What is the difference between a ligature and a contextual form?
According to: http://en.wikipedia.org/wiki/Arabic_alphabet#Ligatures,
there is only one compulsory ligature (having two forms, see later), and
that's the one I showed in a previous mail.
The contextual forms means that in general, each character has four
different presentation forms. These are the unicode points in the
arabic_table in src/Encoding.cpp. The unicode points are located in the
"Arabic Presentation Forms-B" unicode table.
In the four columns you can see the:
- isolated form
- end form; when the character is only connected to the character in front,
- initial form; when the character is only connected to the character
behind.
- mid form; when the character is connected to both the character in
front as behind,
An example of ha (0x0647):
Ha has four different representation forms.

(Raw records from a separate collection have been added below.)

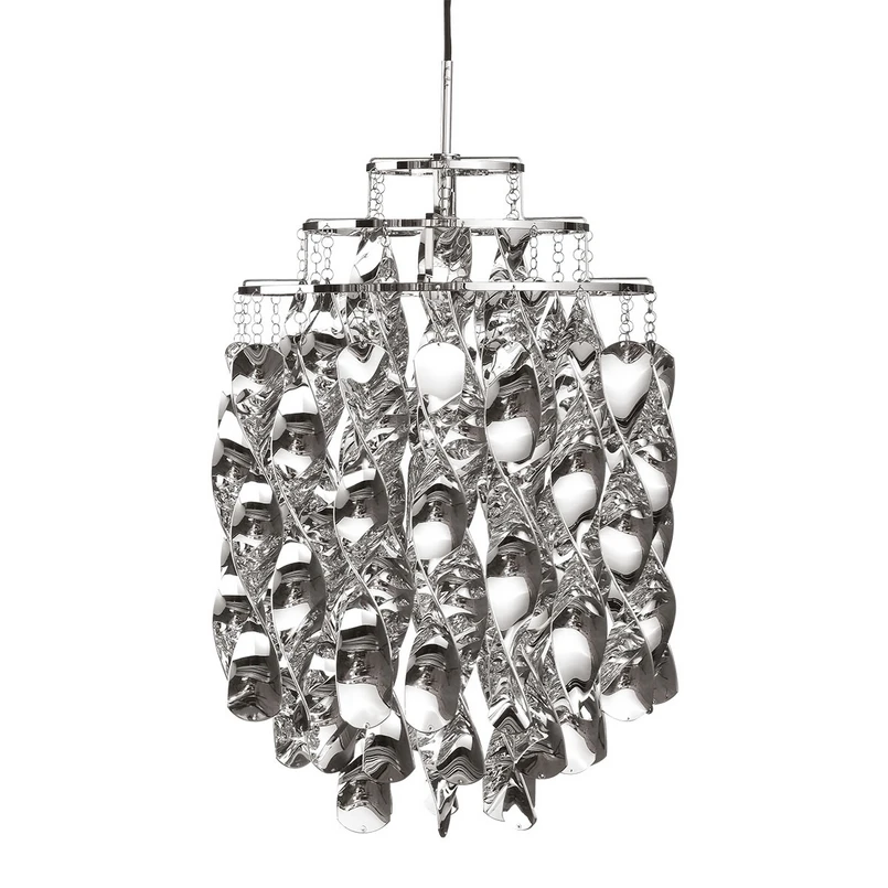 Il ciondolo è ornato da spirali che pendono con ordinata calma. Questo non solo crea una luce piacevolmente diffusa, ma riempie anche la stanza con un senso di sobria energia che contraddistingue l'opera d'arte Spiral Mini in argento.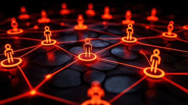 Network connection, glowing red nodes.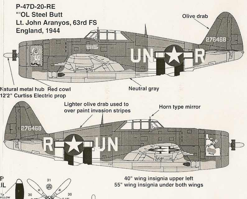 Tak zmena vážení... pri blúdení po nete som narazil na zaujímavého Razorbacka, dokonca zo Zemkeho svorky (Zemke's Wolfpack) - P-47D-20-RE, 42-76468, UN-R, "Ol Steel Butt/The Idaho Spud"; pilota Lt. Johna A. Aranyosa. Síce to kvôli dekálom bude znamenať ďalšie zdržanie, ale bola to "láska na prvý pohľad". Dekály už síce kreslím, ale s tlačou budem musieť počkať, až sa mi toho nazbiera dosť na celú A5. Zatiaľ budem zvoľna pokračovať, až kým nedorazím k farbeniu. Ešte som sa nerozhodol, či počkám aj s Bubbletopom a budem potom pokračovať spoločne, alebo toho dotiahnem dokonca a potom, až budú hotové dekály, dotiahnem zvlášť Razorbacka. Zatiaľ tomu nechám voľný priebeh.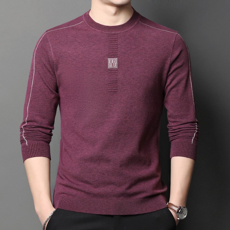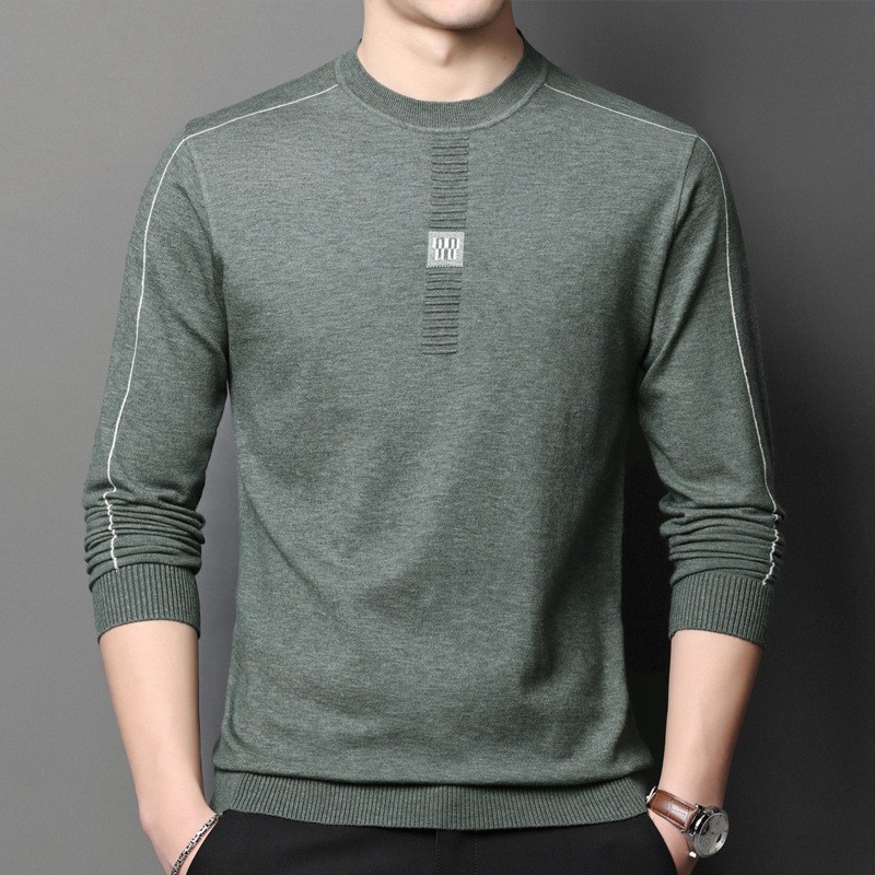 공장 직접 긴 소매 니트 티셔츠 남성용 봄과 가을 새로운베이스 셔츠 단색 스웨터 얇은 울 스웨터 라운드 넥

Here an example of meem (0x0645):
Although the character looks pretty much the same in the first/second
and third/fourth form, they are different forms and have therefore
different unicode points.
The case is different when considering for example waw (0X0648):
This character can only be connected to the character before, but never
to the character behind. This means that the first and third form have
the same unicode point, as well as the second and fourth form. The
reader can confirm this in the arabic_table that this is indeed the case.
Are there in arabic Compose character that do not really have their
own width (like accents in latin scripts), but decorate another
character?
Most important compose chars are the "accents" that indicate the vowel
sounds and a few more. The range as defined by
Encodings::arabicComposeChar follows exactly what is defined by ISO-8859-6.
I think that the chars are recognized from Qt by QChar::category() ==
Qt::Mark_NonSpacing.
I want to have some feeling of how this works. If you have a web page
for newbies describing these features, this would be perfect. Also,
what program is supposed to have a sound implementation of these
languages in terms of behavior? Word? LibreOffice?
I am not sure when I will have time to continue, but I want to
understand all these things.
And first I will probably try to implement your idea of using Qt to
place cursor.
Ah that answers my first question.
JMarc
Vincent